Correlations among the factors confirmed that these social skills represent distinct yet interrelated dimensions, collectively forming a unified construct of social skills. Furthermore, the high internal consistency coefficients indicate that the factors consistently reflect the underlying social competence construct. However, reliability values exceeding .90 may not necessarily represent “excellent” internal consistency, as they can suggest item redundancy ( Hamid et al., 2017 ). This raises the possibility that some items within each factor may overlap in content or fail to provide distinct information about the construct being measured. Similarly, the initial HTMT values exceeding the recommended threshold of .90 indicate substantial overlap between Cooperation and Assertion, as well as Cooperation and Self-Control.

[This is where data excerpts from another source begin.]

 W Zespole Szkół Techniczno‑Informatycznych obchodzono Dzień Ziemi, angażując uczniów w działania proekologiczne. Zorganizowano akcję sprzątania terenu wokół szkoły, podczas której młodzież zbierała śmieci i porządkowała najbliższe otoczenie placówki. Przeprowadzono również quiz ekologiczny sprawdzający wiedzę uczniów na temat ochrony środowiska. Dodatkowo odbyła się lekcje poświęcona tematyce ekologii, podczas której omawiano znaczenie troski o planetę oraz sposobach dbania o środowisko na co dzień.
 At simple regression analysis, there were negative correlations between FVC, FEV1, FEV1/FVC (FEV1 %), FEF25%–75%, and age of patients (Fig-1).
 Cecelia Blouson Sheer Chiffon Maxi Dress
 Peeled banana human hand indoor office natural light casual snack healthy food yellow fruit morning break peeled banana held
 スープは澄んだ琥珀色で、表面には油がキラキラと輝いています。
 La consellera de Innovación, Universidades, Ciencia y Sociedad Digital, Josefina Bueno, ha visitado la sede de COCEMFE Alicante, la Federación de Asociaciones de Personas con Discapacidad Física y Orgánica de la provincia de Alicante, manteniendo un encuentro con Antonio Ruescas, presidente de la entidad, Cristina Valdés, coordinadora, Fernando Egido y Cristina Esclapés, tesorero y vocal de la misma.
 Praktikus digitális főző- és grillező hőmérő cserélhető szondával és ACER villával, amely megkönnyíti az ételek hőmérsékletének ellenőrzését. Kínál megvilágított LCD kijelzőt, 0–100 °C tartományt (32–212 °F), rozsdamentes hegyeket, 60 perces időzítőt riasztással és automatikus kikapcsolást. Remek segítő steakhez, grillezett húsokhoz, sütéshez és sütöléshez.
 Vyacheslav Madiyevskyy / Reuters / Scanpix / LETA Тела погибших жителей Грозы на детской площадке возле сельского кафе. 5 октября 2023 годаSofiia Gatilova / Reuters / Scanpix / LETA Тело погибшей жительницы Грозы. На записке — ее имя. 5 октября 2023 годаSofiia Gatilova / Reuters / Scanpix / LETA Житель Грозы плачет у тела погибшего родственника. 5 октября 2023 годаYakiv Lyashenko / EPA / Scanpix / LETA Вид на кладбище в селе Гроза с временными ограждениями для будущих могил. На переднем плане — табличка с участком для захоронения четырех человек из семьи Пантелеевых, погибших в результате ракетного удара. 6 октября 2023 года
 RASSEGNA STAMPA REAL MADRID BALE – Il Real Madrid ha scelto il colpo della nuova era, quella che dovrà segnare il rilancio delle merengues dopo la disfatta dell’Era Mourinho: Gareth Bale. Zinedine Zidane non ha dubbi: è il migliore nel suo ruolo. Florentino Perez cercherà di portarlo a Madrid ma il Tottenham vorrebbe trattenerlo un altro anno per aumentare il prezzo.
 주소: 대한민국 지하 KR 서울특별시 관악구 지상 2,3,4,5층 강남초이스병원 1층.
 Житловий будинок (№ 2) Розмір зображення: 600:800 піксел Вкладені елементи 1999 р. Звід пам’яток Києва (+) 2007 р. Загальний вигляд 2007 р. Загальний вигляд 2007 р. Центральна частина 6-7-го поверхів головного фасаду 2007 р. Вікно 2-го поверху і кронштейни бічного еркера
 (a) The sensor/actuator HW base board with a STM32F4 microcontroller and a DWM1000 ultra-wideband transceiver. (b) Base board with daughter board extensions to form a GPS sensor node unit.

These findings are consistent with previous results reported by Gresham and Elliott (1990) , as well as with studies conducted across different educational levels, age groups, and informant types (e.g., Jelić, 2015 ; Whiteside et al., 2007 ; Van der Oord et al., 2005 ), which also reported moderate to strong correlations between these factors. This pattern reflects the complex nature of social skills, in which various components are inherently interconnected. Although constructs such as cooperation, assertion, and self-control are theoretically distinct, they are often closely related in practice.

Our second research question investigated whether the factor structure of the original Problem Behaviors Scale, confirmed in the U.S. sample of teacher, would demonstrate good model fit in a Serbian sample of preschool teachers. The Problem Behaviors Scale includes two subscales: Externalizing Behaviors (6 items) and Internalizing Behaviors (4 items). The two-factor structure replicated well, with very good model fit indices. Reliability analysis, including Cronbach’s Alpha and McDonald’s Omega coefficients, revealed significant values above .80 for both subscales. HTMT correlations and AVE metrics further confirmed the psychometric quality of the Problem Behaviors Scale in the Serbian sample.

Our final research question examined measurement invariance across developmental status and age groups. Multigroup analyses confirmed that both the Social Skills Scale and the Problem Behaviors Scale demonstrate measurement invariance across these groups, indicating that the instrument reliably assesses social competence among Serbian preschool children regardless of developmental differences or age.

Although the original SSRS was designed for children aged 3 to 5 years, our results confirm its applicability and reliability for assessing social skills and problem behaviors in Serbian preschool children aged 3 to 7 years. For the Social Skills Scale, three items were removed, resulting in a revised version of the scale with 27 items, compared to the original 30. The Problem Behaviors Scale was fully replicated as it appeared in the original version. The modified version of the SSRS, reflecting these changes, is provided in the appendix.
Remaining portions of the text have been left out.